Donald Trump has three big problems, two of his own creation, one created by a ticking time bomb that Obama is leaving for him.

The first is his deal with Carrier—keep in the U.S. some although not all of the jobs the company was planning to move to Mexico, and we will arrange tax subsidies by the state of Indiana, repeal regulations you don't like, keep in mind your "cooperation" when doling out government contracts, and who knows what else. Carrier is to keep in Indiana about 800 of the 2,100 jobs it was planning to move to Mexico, in return for a subsidy of seven million dollars from Indiana's taxpayers. To make the deal look good— "1,000 jobs saved" is a lot better headline than "more than 60 percent of Carrier jobs to move to Mexico"—Carrier agreed to leave in Indiana 300 R&D jobs that it had no intention of taking south. Seven million dollars to buy 800 jobs comes to less than $9,000 per job, not a bad deal as these things go, especially since some of it will be recovered from taxes on the wages of the workers whose jobs are saved. Better still, the beneficiaries know who they are, and are publically and appropriately thankful to Trump, while the taxpayers bearing the cost won't hardly notice. And if they do, Mike Pence's successor will have to explain it all to them.

A decent deal but a rotten precedent. Trump threatened other companies with "consequences" if they take jobs abroad. Board rooms around the country are being entertained with Power Point presentations, "How To Turn A Credible Threat Of Plant Closure Into A Nice Subsidy." That long-time opponent of government interference in free markets, socialist senator Bernie Sanders, commented in a Washington Post op-ed, "He has signaled to every corporation in America that they can threaten to offshore jobs in exchange for business-friendly tax benefits and incentives." Indeed. But conservative Republican Mike Pence had a response to his socialist adversary, "The free market has been sorting it out and America's been losing," to which Trump added his amen, "Every time, every time."

Trump's second self-made problem comes from the combination of his plan to cut taxes, increase military spending, maintain spending on key entitlements, spend $1 trillion on infrastructure, all the while reducing the deficit. It would take a fudge factory running full out to generate enough footnotes to his budget proposal to demonstrate that this combination will not blow the deficit. Unless ….

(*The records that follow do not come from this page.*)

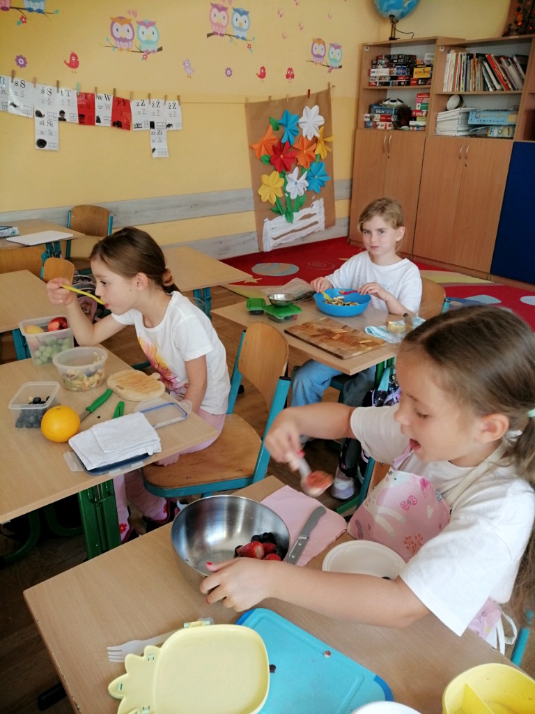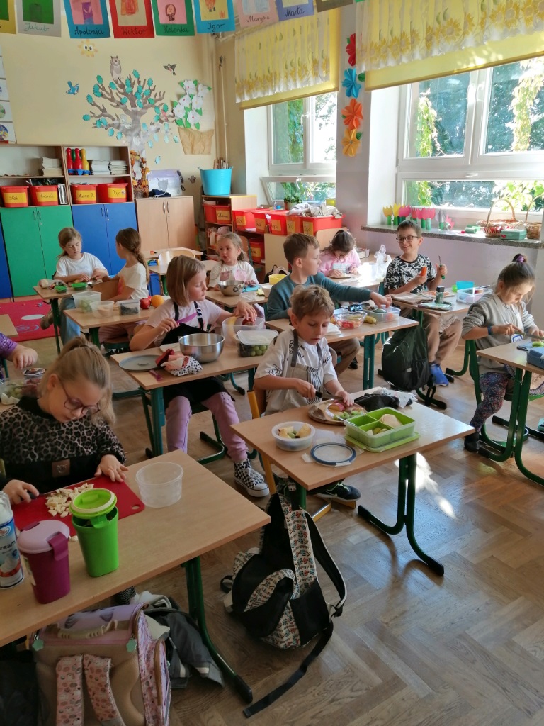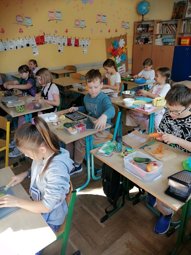 Uczniowie z 2a przygotowali pyszne surówki warzywo - owocowe rozpoczynając projekt "Zdrowo i sportowo"
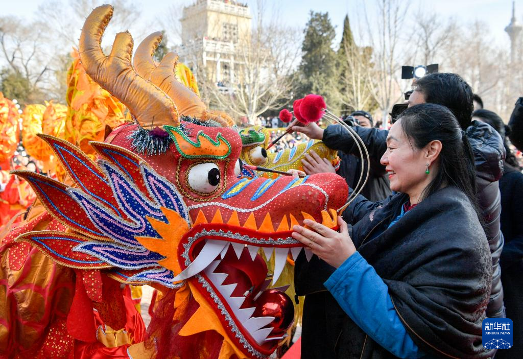2月21日,在天津市水上公園,嘉賓為舞龍點睛。
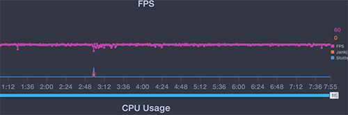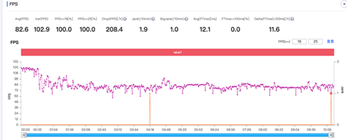 不過(guò),解鎖120幀和HDR高清畫(huà)質(zhì)后,手機(jī)CPU和GPU的壓力劇增,游戲幀率剛開(kāi)始還能維持在100以上,但很快就下降到70-80幀的樣子(平均幀率82),這種狀態(tài)一直持續(xù)到游戲結(jié)束。
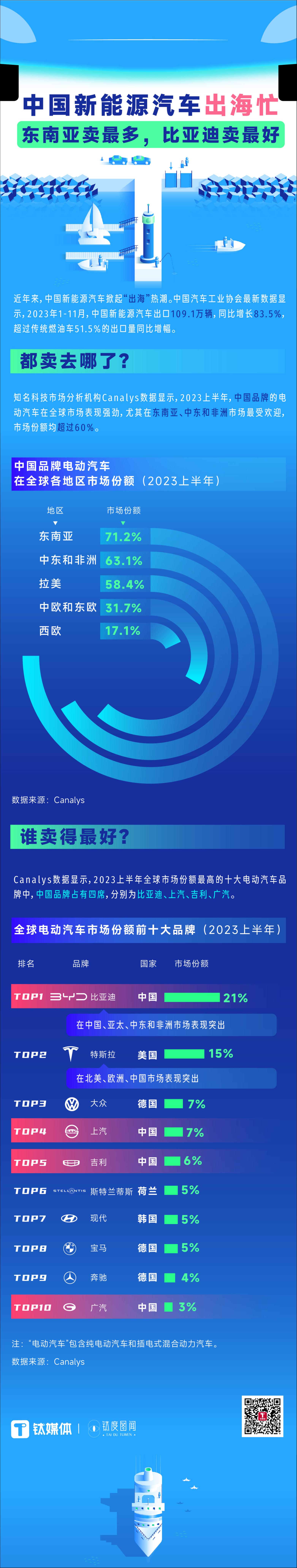 中国新能源汽车出海暴增80%,一图看懂都卖去哪儿了|钛度图闻
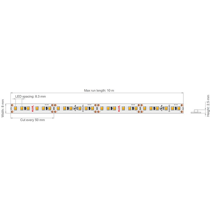 LED pásek K-BLUE-1220-24 o příkonu 9,6W, napájecím napětí 24V patří mezi vysoce kvalitní LED pásky se skvělými parametry, dlouhou životností a vysokou technickou hodnotou. KLUŚ poskytuje na tento produkt tovární záruku 4 roky. Kvalitní LED pásek 24V osazený diodami SMD2835 neztrácí rychle svou svítivost a nehrozí u něj náhodná porucha některého z modulů nebo jednotlivých LED diod. Základem pro LED pásek je použitý podkladový materiál ve formě plošného spoje FPC (Flexible printed circuits) se zvýšeným podílem mědi. LED pásek je osazený nejkvalitnějšími LED diodami v počtu 120 LED/m a šířkou pásku 8mm. Při montáži do LED profilu s difuzorem tvoří svítící LED pásek souvislou linii světla bez viditelných mezer mezi diodami pouze v případě montáže do hlubšího LED profilu. Ledkový pásek 24V je vhodný pro instalaci v interiéru. Splňuje třídu krytí IP20. Nemá zvýšenou odolnost proti vlhku a vodě.
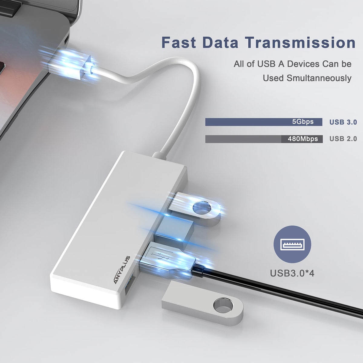 Anyplus 4-Port Usb 3.0 Hub The Usb Hub Helps You Expand Your Device Into 4 Usb-A Ports, Plug And Play, Convenient To Use, Fast And Safe Transmission, For You To Improve Work Efficiency And Convenient Life. 5Gbps High-Speed Data Transfer The Usb Splitter Supports Transfer Rates Up To 5Gbps And Is Compatible With Usb 2.0 (480Gbps), Usb 1.0 (12Mbps), And Has A Compact And Lightweight Design That Is Weightless So You Can Take It With You Wherever You Go. Note: The Usb Extender Was Originally Designed To Transfer Data And Cannot Charge Devices.Its Maximum Output Current Is 900Ma, In Order To Keep The Connection Stable, Please Avoid Connecting Devices With Total Current Over 900Ma. Package Includes: Usb 3.0 Hub X 1, Manual X 1
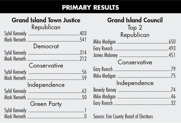 After five head-to-head primaries for town justice, incumbent Sybil Kennedy will hold the Democrat, Independence and Green party lines on the November ballot, while challenger Mark Nemeth will have the Republican and Conservative lines. Mike Madigan and Gary Roesch won the GOP lines in the race for two Town Council seats. Beverly Kinney and Madigan gained the Independence Party lines for council.
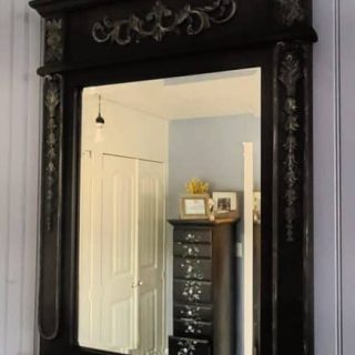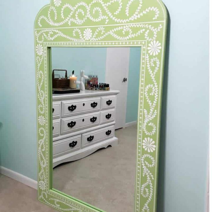 We've all seen, or maybe even own, one of those thick plate glass mirrors that are often used in older bathrooms unframed. Think outside the box to turn it into an original framed full-length mirror. The design is modeled after a floral bone inlay style.
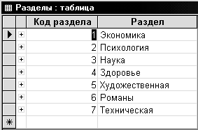 Таблица РАЗДЕЛЫ
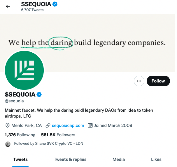 글로벌 벤처캐피탈 세쿼이아 캐피탈(Sequoia Capital)은 8일 트위터 프로필에 "우리는 용감한 사람들이 전설적인 탈중앙화자율조직(DAO)를 만들도록 돕는다"면서 "아이디어부터 토큰 에어드랍까지 (DAO를) 같이 개발할 사람(LFG)을 찾는다"는 상태 메시지를 올렸다.
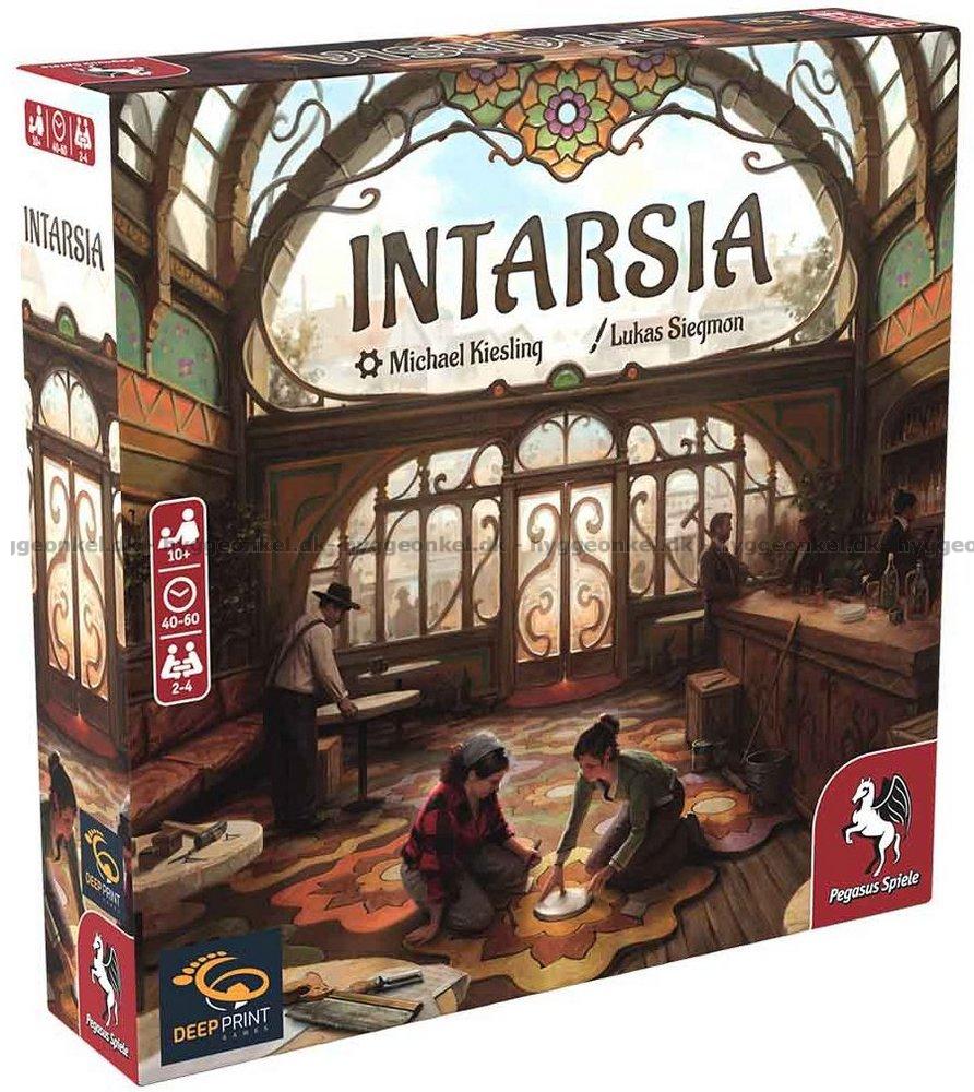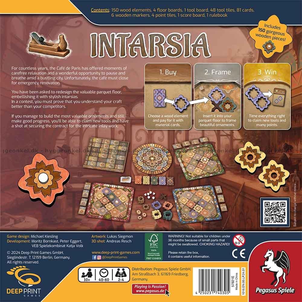 Intarsia är ett strategiskt brädspel där spelarna tävlar om att skapa de mest eleganta mönstren av träintarsia för att vinna det prestigefyllda uppdraget att dekorera det berömda Café de Paris.

Unless the tax cuts do stimulate growth and generate offsetting increases in tax revenues. Unlikely, although the cuts will do some of that. Unless the private sector comes forward to finance the entire infrastructure program. Unlikely, privately financed infrastructure projects will be designed to serve real needs by real consumers: private sector funders have no reason to build bridges to nowhere. And few reasons to fund a massive expansion of a network of toll roads: only 6,000 of the nation's four million road miles are tolled, and toll roads are no magic bullet with which to slay the deficit dragon: toll-road operators in Indiana and Texas are filing for bankruptcy.